Нелли посмотрела на Рено.

– Хинди, не попросите ли вы моего супруга выбирать выражения?

– Это еще что такое? – взорвался Твелвтрис. Мандель потрепал его по рукаву.

– Мне кажется, Нелли всего лишь…

– Я знаю, что она за «всего лишь»! Ведет себя словно королева, а я, значит, последний мудак. А я зарабатываю по двадцать миллионов в год…

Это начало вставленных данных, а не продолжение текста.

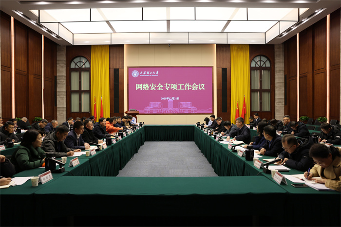 为深入贯彻总体国家安全观,落实《网络安全法》《数据安全法》等法律法规及教育行业要求,全面筑牢我校网络安全屏障,12月31日下午,我校网络安全专项工作会议在明向校区鹏飞会堂召开。校党委书记沈兴全、副校长桑胜波出席会议,各职能部门、二级学院、群团组织和教辅单位负责人参加会议。会议由桑胜波主持。
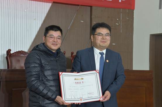 陆明峰处长给王佩校友颁发捐赠证书
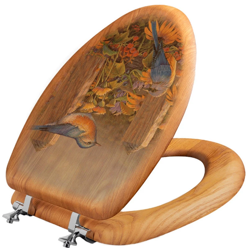 Our oak veneer toilet seats give decorators a way to address an often-overlooked fixture! Available in both round and elongated shapes, this trendsetting line complements our rustic wall art with corresponding themes and imagery. Our finish coating creates a humidity- and mold-resistant surface, meets all industry standards, and passes two important industry tests. Seats come preassembled with chrome hinges, affixed with stainless steel screws. Bumpers are made of high-end neoprene material. Every seat ships with installation hardware.
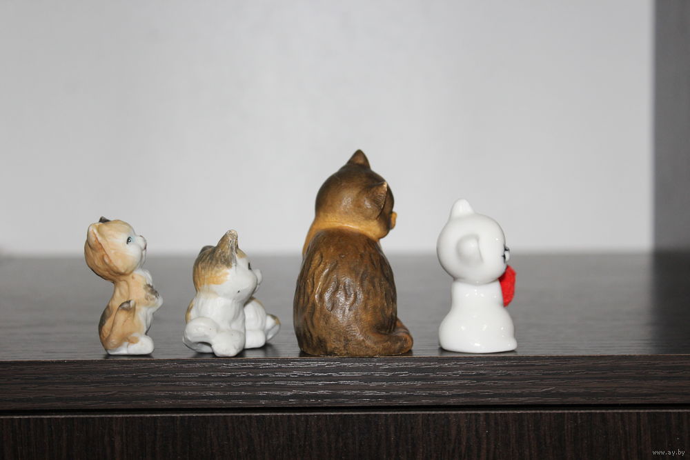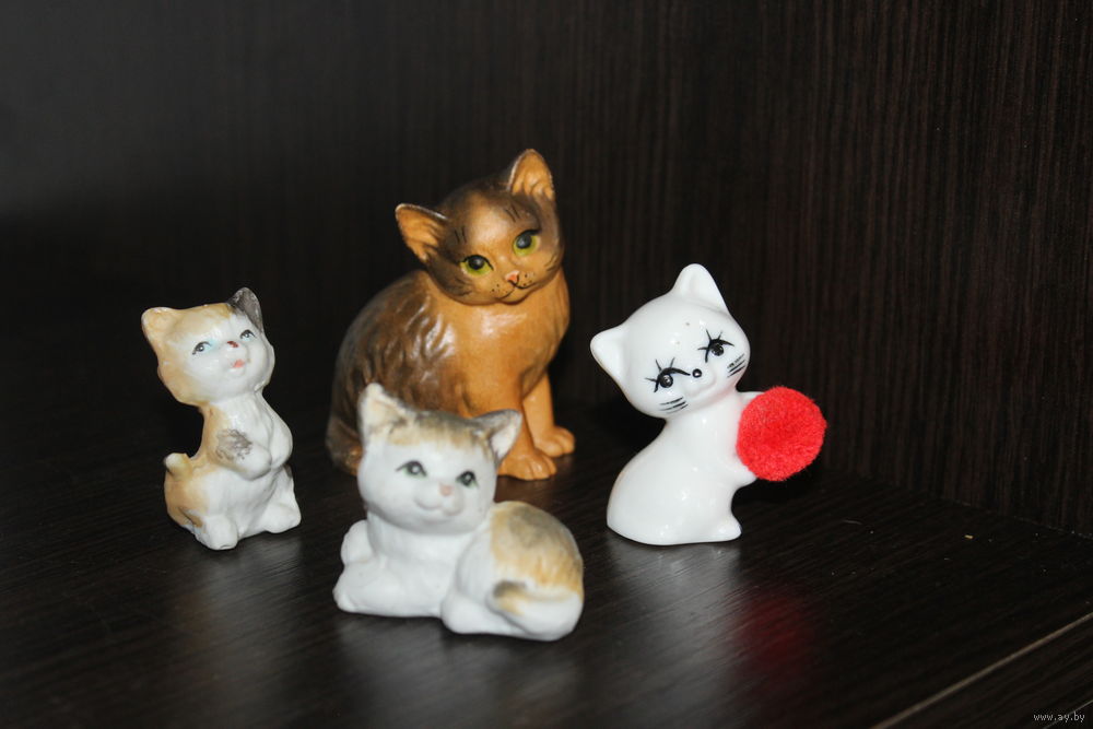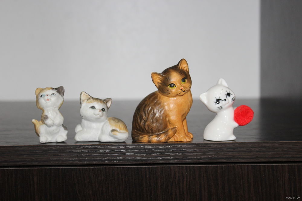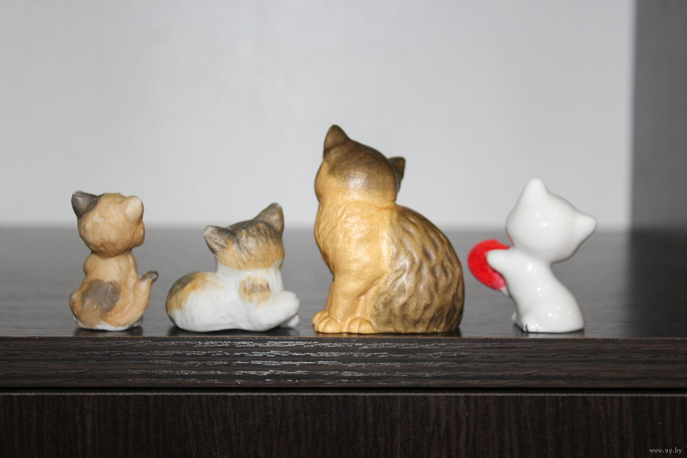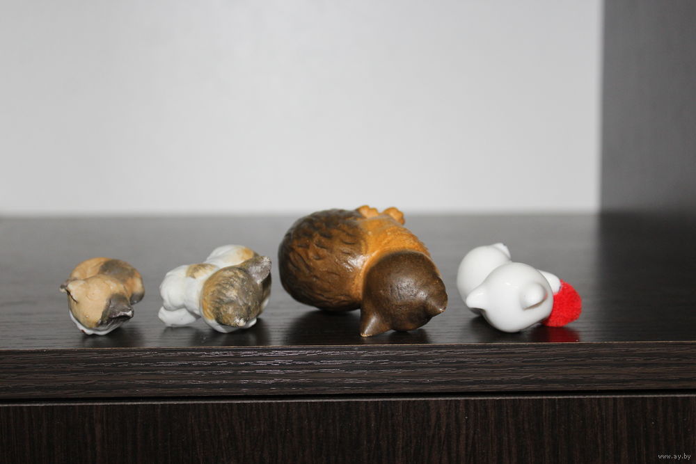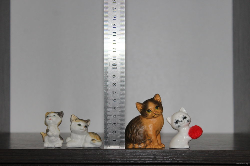 Высота большого котика 6,8 см., ширина 5,2 см., высота сидящего котика 4,5 см., ширина 2,8 см., лежащего котика 4,1 см., ширина 4,6 см., котика с мягким мячом 5 см., ширина 4,4 см.
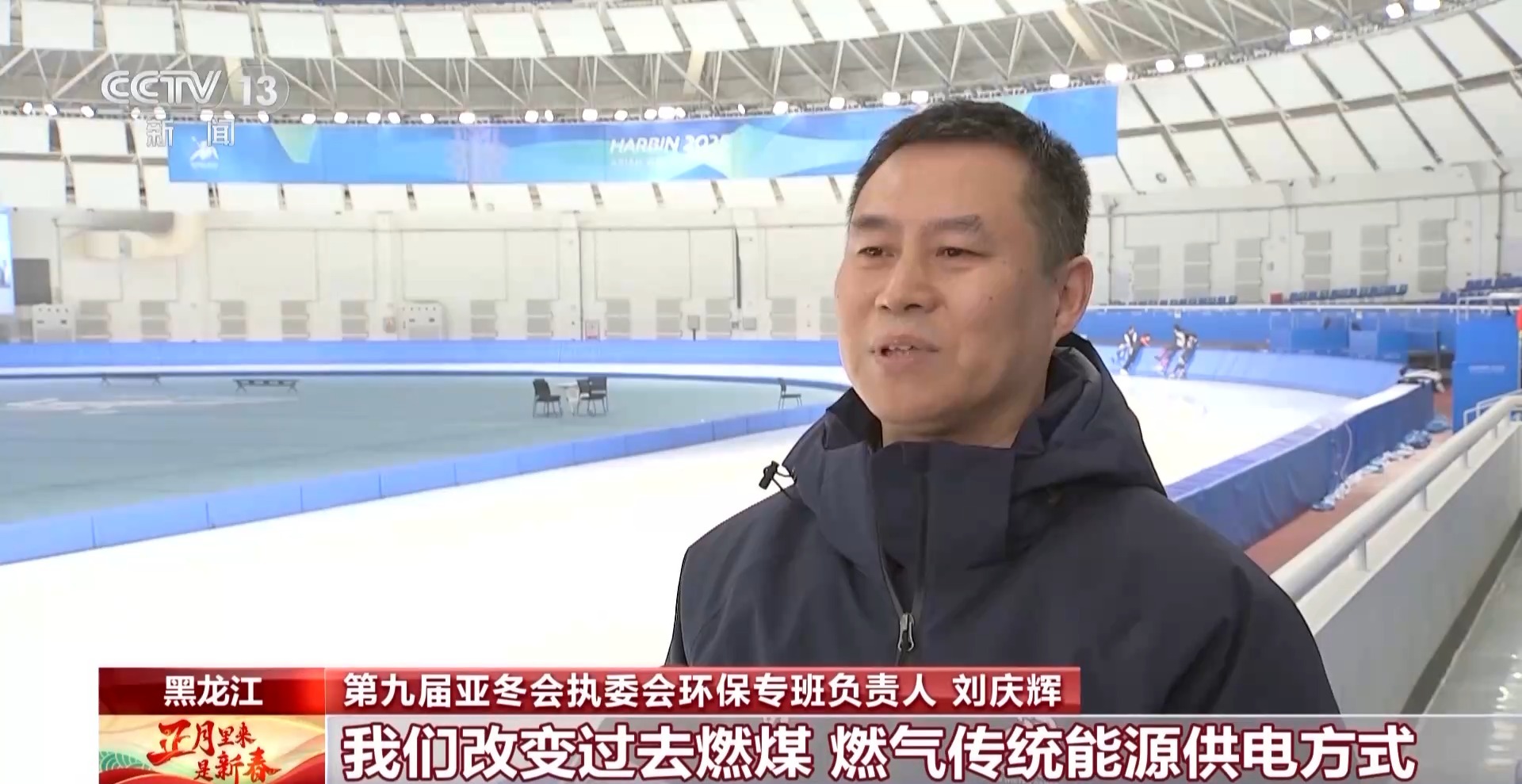 第九屆亞(ya) 冬會(hui) 執委會(hui) 環保專(zhuan) 班負責人 劉慶輝:我們(men) 改變過去燃煤、燃氣傳(chuan) 統能源供電方式,立足我們(men) 黑龍江省本身豐(feng) 富的風力等自然資源,全麵開發使用綠色清潔能源,本地的這些發電企業(ye) 產(chan) 生風能、太陽能等清潔能源將源源不斷地輸入我們(men) 的各個(ge) 場館,全麵滿足我們(men) 賽時各個(ge) 場館的用電需求,在亞(ya) 冬會(hui) 史上是首次實現綠電100%全覆蓋。
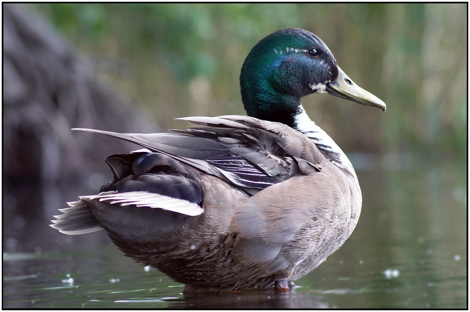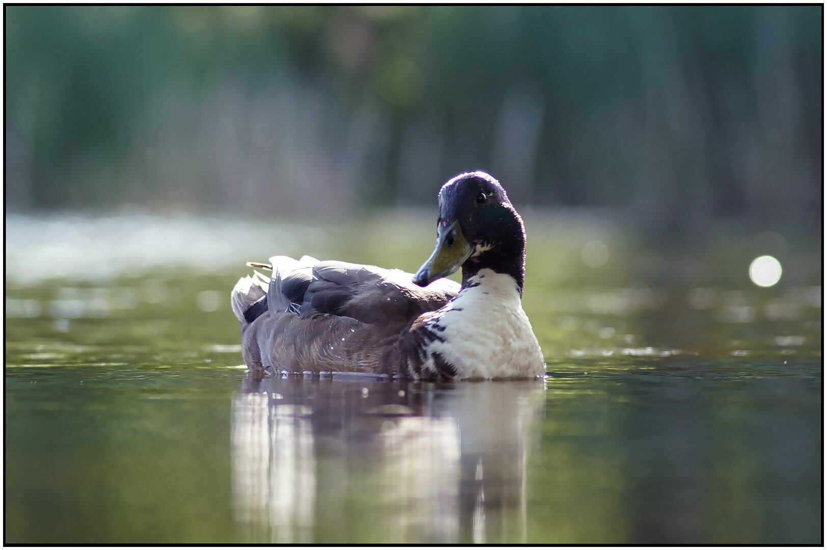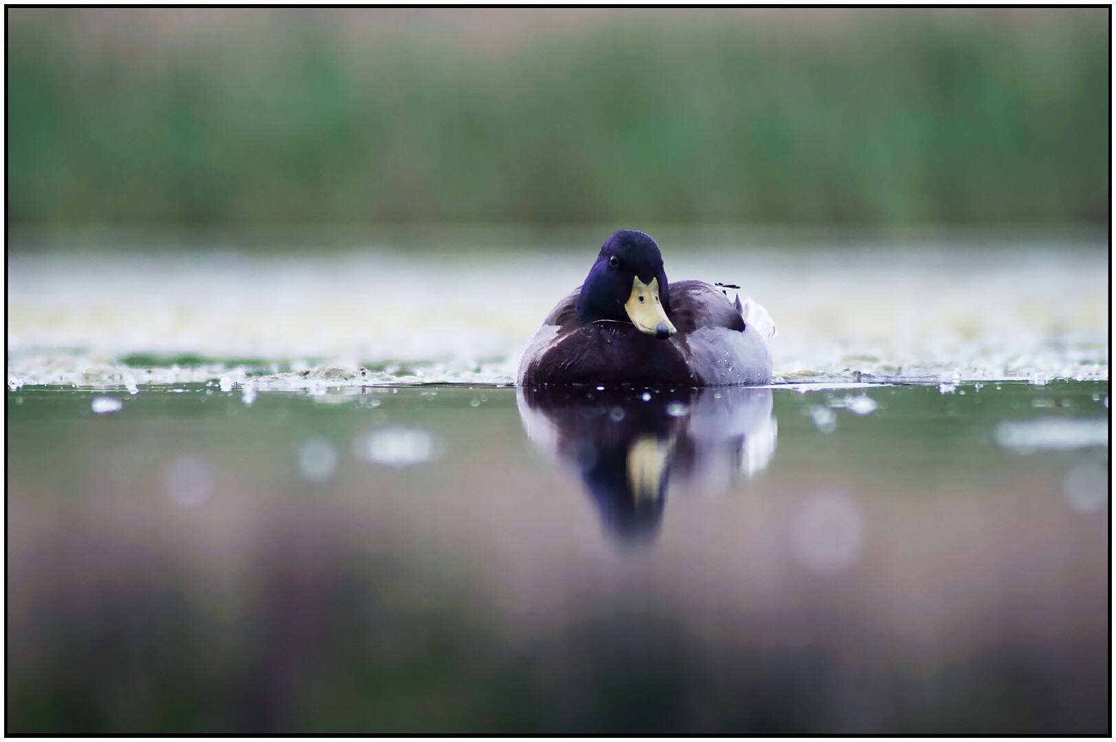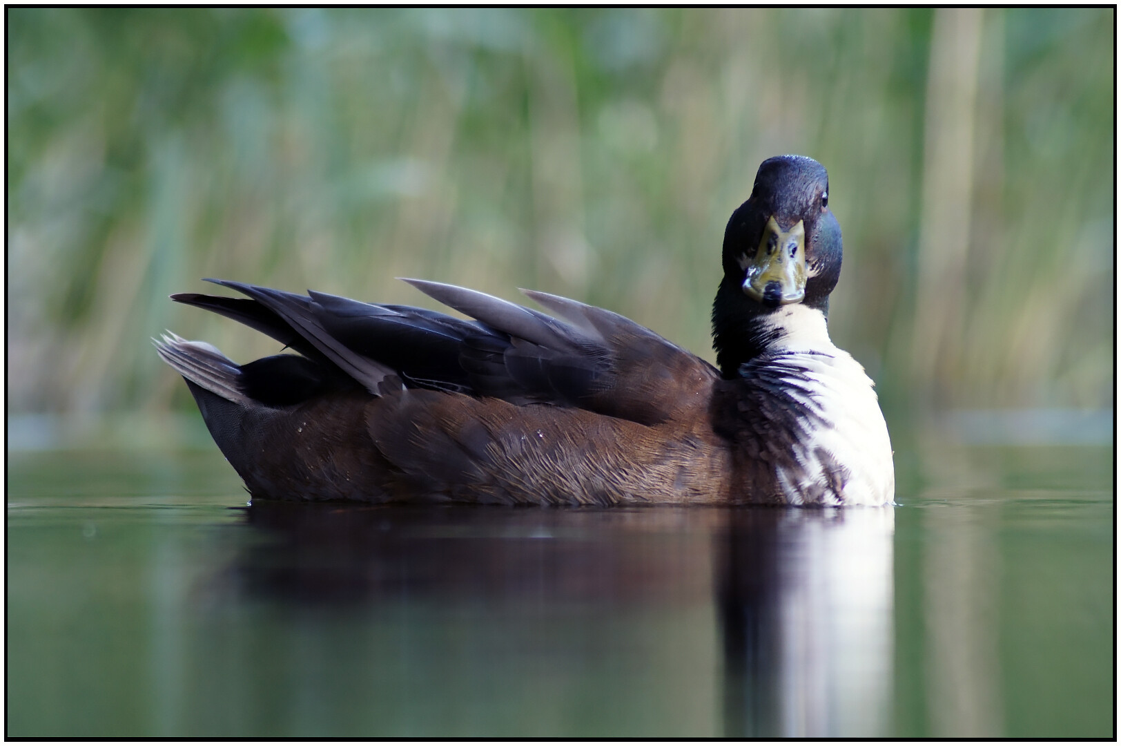 Jest dużym ptakiem wodnym z rodziny kaczkowatych. W okresie godowym i lęgowym, samiec jest kontrastowo upierzony. Głowa ciemno zielona z metalicznym połyskiem dziób żółty, nogi pomarańczowe.

– Роджер, – резко осадил его адвокат, одновременно остановив магнитофон. – Нам это не известно. Я хочу сказать, необходимо свериться с бухгалтерскими записями. Вы понимаете, о чем я?

– Тебе, Роджер, говорят, чтобы ты не показывал мне свою чековую книжку.

Произнося это, Нелли ослепительно улыбнулась.

– У нас сейчас только предварительное обсуждение, – вмешался Рено. – Мне кажется, нам следует сформулировать стоящую перед нами задачу двояко. Во-первых, необходимо наметить справедливый раздел совместно нажитого в браке имущества. Во-вторых, проследить за тем, чтобы налоговые службы не обобрали до нитки наших клиентов в ходе такого раздела.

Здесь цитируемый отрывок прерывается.